如果我能得到一个允许我在左右方向上扩展 query
的实用函数,那就太好了。
例如extend(query, 'right')
会 return for demo
和 extend(query, 'left')
会 return sentence for
我已经使用过 grep、gregexp、stringr 包中的 word 等函数。一切似乎都在角色层面上运作。
正如我在评论中提到的,stringr
在这些情况下很有用。
library(stringr)
sentence <- "A sample sentence for demo"
wordNumber <- 4L
fourthWord <- word(string = sentence,
start = wordNumber)
previousWords <- word(string = sentence,
start = wordNumber - 1L,
end = wordNumber)
laterWords <- word(string = sentence,
start = wordNumber,
end = wordNumber + 1L)
这会产生:
> fourthWord
[1] "for"
> previousWords
[1] "sentence for"
> laterWords
[1] "for demo"
希望对你有帮助。
如果您使用 scan
,它将在空格处拆分输入:
> s.scan <- scan(text=sentence, what="")
Read 5 items
> which(s.scan == query)
[1] 4
需要 what=""
来告诉扫描期望字符而不是数字输入。如果您输入的是完整的英文句子,可能需要将使用 gsub
的标点符号替换为 patt="[[:punct:]]"
。如果您尝试对词性进行分类或处理大型文档,可能还需要查看 tm
(文本挖掘)包。
我自己写了函数,indexOf
方法returns索引word
如果在sentence
中找到否则returns -1
,很像java indexOf()
indexOf <- function(sentence, word){
listOfWords <- strsplit(sentence, split = " ")
sentenceAsVector <- unlist(listOfWords)
if(word %in% sentenceAsVector == FALSE){
result=-1
}
else{
result = which(sentenceAsVector==word)
}
return(result)
}
extend
方法工作正常,但相当冗长,根本不像 R 代码。如果query
是句子边界上的词,即第一个词或最后一个词,则返回前两个词或最后两个词
extend <- function(sentence, query, direction){
listOfWords = strsplit(sentence, split = " ")
sentenceAsVector = unlist(listOfWords)
lengthOfSentence = length(sentenceAsVector)

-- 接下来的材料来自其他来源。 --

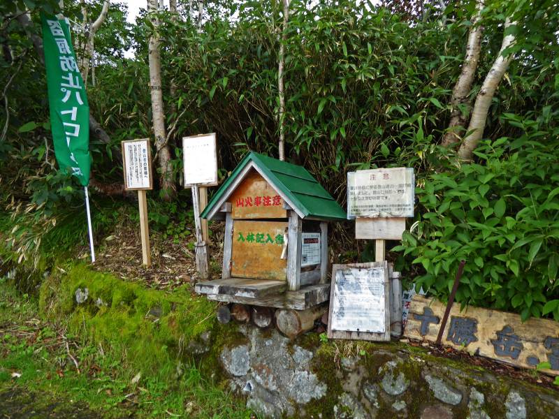 駐車場に到着時点で、既に車が数台駐車していましたが、入山届けへの記入はありませんでした。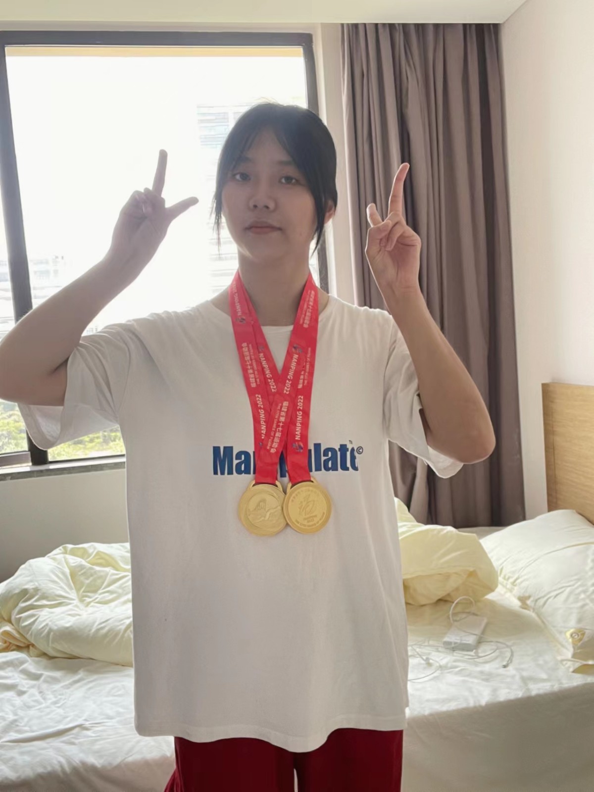 在经过紧张刺激的角逐,吴青霞同学于7月29日上午在女子丙组50米仰泳决赛中勇夺金牌🤽,并在30日上午,在女子丙组50米蝶泳决赛中再传喜讯🌓,以32秒24的优异成绩斩获蝶泳冠军⌨️。这也是其个人在本届省运会中,获得的第二枚金牌。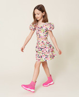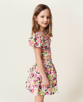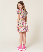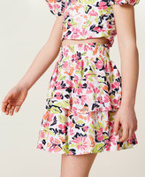 Set aus Popeline mit mehrfarbigem Blumenprint, bestehend aus einem Top mit Ballonärmeln und einem Volantrock.
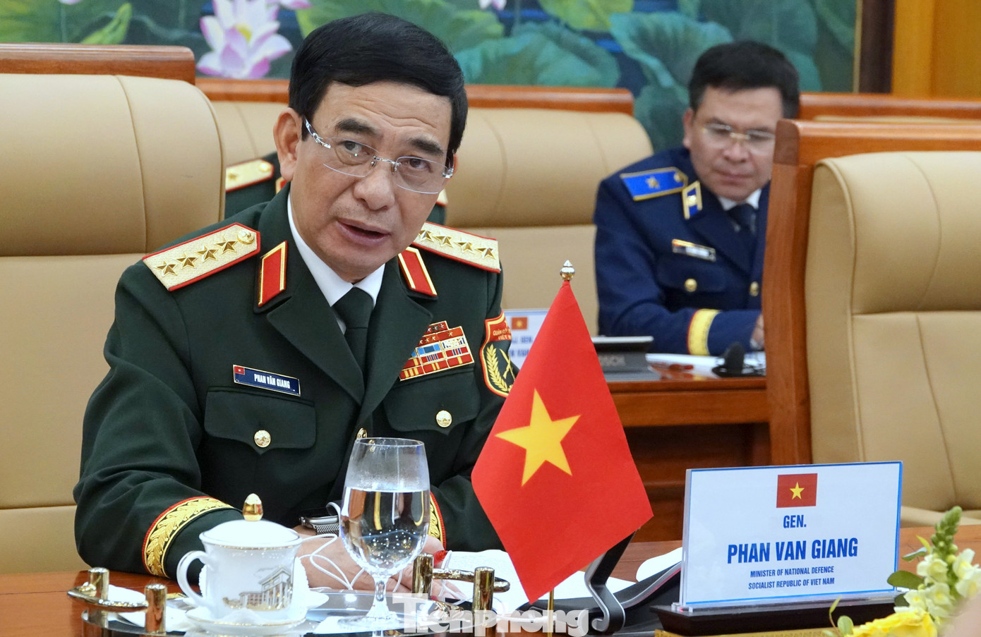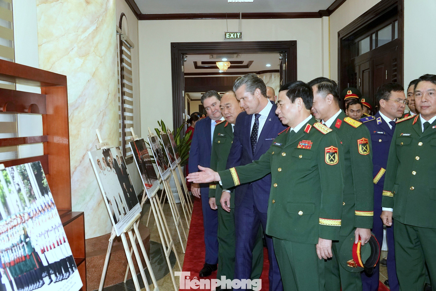 Bộ trưởng Phan Văn Giang giới thiệu với Bộ trưởng Pete Hegseth các hình ảnh phản ánh mối quan hệ hợp tác giữa hai nước.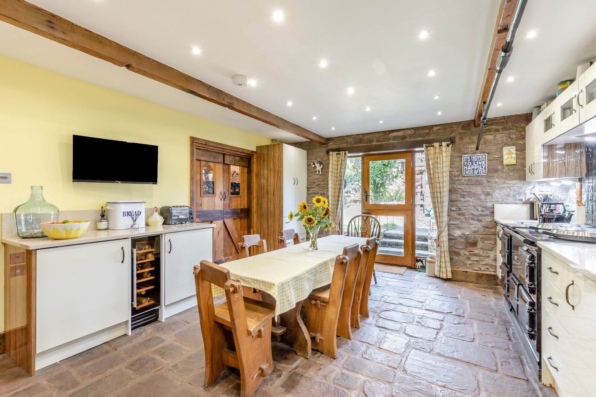 At the heart of the home lies the kitchen, where a classic oil-fired Aga takes centre stage, set on reclaimed Welsh slate flooring. Cream gloss units are paired with granite work surfaces, a Belfast sink, integrated appliances including a dishwasher, twin under-counter fridges, and a wine cooler. Reclaimed Victorian radiators run throughout the property, adding character and warmth.

location = indexOf(sentence, query)
boundary = FALSE
if(location == 1 | location == lengthOfSentence){
boundary = TRUE
}
else{
boundary = FALSE
}
if(!boundary){
if(location> 1 & direction == "right"){
return(paste(sentenceAsVector[location],
sentenceAsVector[location + 1],
sep=" ")
)
}
else if(location < lengthOfSentence & direction == "left"){
return(paste(sentenceAsVector[location - 1],
sentenceAsVector[location],
sep=" ")
)
}
}
else{
if(location == 1 ){
return(paste(sentenceAsVector[1], sentenceAsVector[2], sep = " "))
}
if(location == lengthOfSentence){
return(paste(sentenceAsVector[lengthOfSentence - 1],
sentenceAsVector[lengthOfSentence], sep = " "))
}
}
}
答案取决于您所说的 "word" 是什么意思。如果您指的是空格分隔的标记,那么@imran-ali 的回答就可以了。如果您指的是 Unicode 定义的单词,并特别注意标点符号,那么您需要更复杂的东西。
以下正确处理标点符号:
library(corpus)
sentence <- "A sample sentence for demo"
query <- "for"
# use text_locate to find all instances of the query, with context
text_locate(sentence, query)
## text before instance after
## 1 1 A sample sentence for demo
# find the number of tokens before, then add 1 to get the position
text_ntoken(text_locate(sentence, query)$before) + 1
## 4
如果有多个匹配项,这也有效:
sentence2 <- "for one, for two! for three? for four"
text_ntoken(text_locate(sentence2, query)$before) + 1
## [1] 1 4 7 10
我们可以验证这是正确的:
text_tokens(sentence2)[[1]][c(1, 4, 7, 10)]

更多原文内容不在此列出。